由于任务较为简单，我们设置 max_completion_length 和 vllm_max_model_len 为1024，如果有更复杂的任务，可以适当加大模型输出长度，但请注意，**这两个参数越大，模型训练需要的显存越多，训练速度越慢，单个step的训练时间与max_completion_length呈现线性关系**。

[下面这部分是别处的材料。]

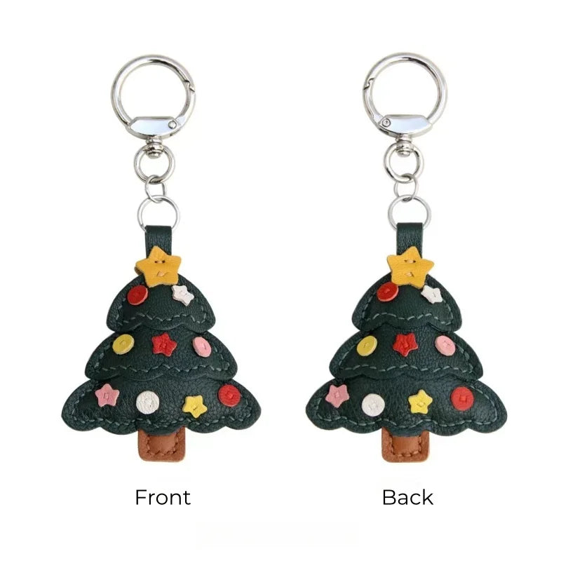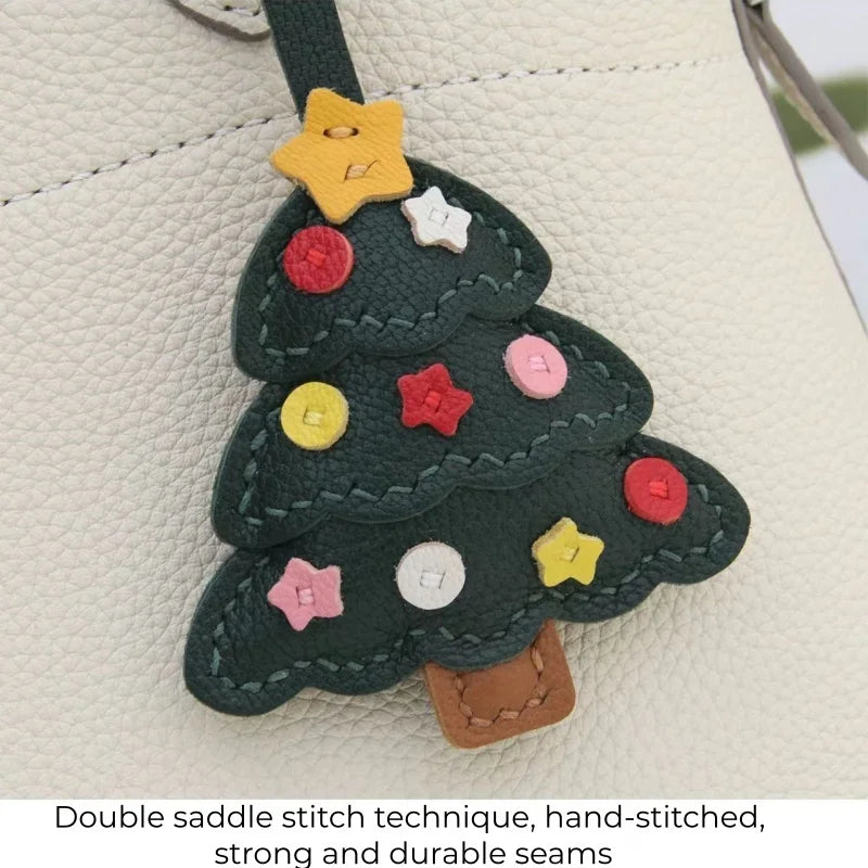 Bring the festive spirit to your style with this handcrafted Christmas Tree Leather Bag Charm, made from luxurious top-grain sheepskin. Designed with meticulous detail, the charm features vibrant leather ornaments, a golden star, and layered stitching that captures the joy of the season. Each piece is carefully hand-cut and double saddle-stitched, ensuring durability while highlighting the artistry of traditional leathercraft.
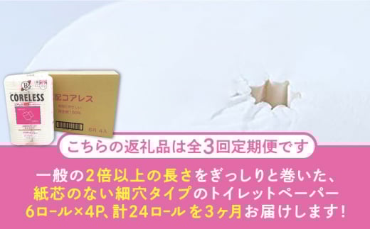 - 【全3回定期便】【細穴タイプ】 トイレットペーパー ダブル 24ロール 長巻き 65m (6ロール×4パック) 宅配 コアレス 《豊前市》【大分製紙】 [VAA063]

在我们的实验中，总batch_size为 $num\_processes \times per\_device\_train\_batch\_size \times gradient\_accumulation\_steps = 2 \times 8 \times 8 = 128$ 而参数设置有一个限制，即：$num\_processes \times per\_device\_train\_batch\_size$ 必须整除 $num\_generations$，其中，$num\_generations$就是GRPO公式中的 $G$，故我们设置为8。 注意，这里单卡batch_size设置也与显存息息相关，请根据显存上限设置一个合适的值。 同时，还有一个公式，即总的steps数量 :$num\_steps = epochs \times len(datasets) \times num\_generations \div batch\_size $，需要根据这个来合理规划训练的学习率和warmup设置。

最后比较重要的设置是学习率和 beta，学习率比较好理解，而beta则是是以上公式的 $\beta$，即KL散度的梯度的权重。这两个参数设置的越大，模型收敛原则上更快，但训练往往会不稳定。经过实验，我们分别设置为 `5e-7` 和 `0.001`。在实际训练中，请根据是否出现不稳定的震荡情况适当调整这两个参数。

对于KL散度，社区有很多的讨论，可以参考[为什么GRPO坚持用KL散度](https://zhuanlan.zhihu.com/p/25862547100)。

其他参数的设置，没有做太多探讨，所以这里不进行详细说明。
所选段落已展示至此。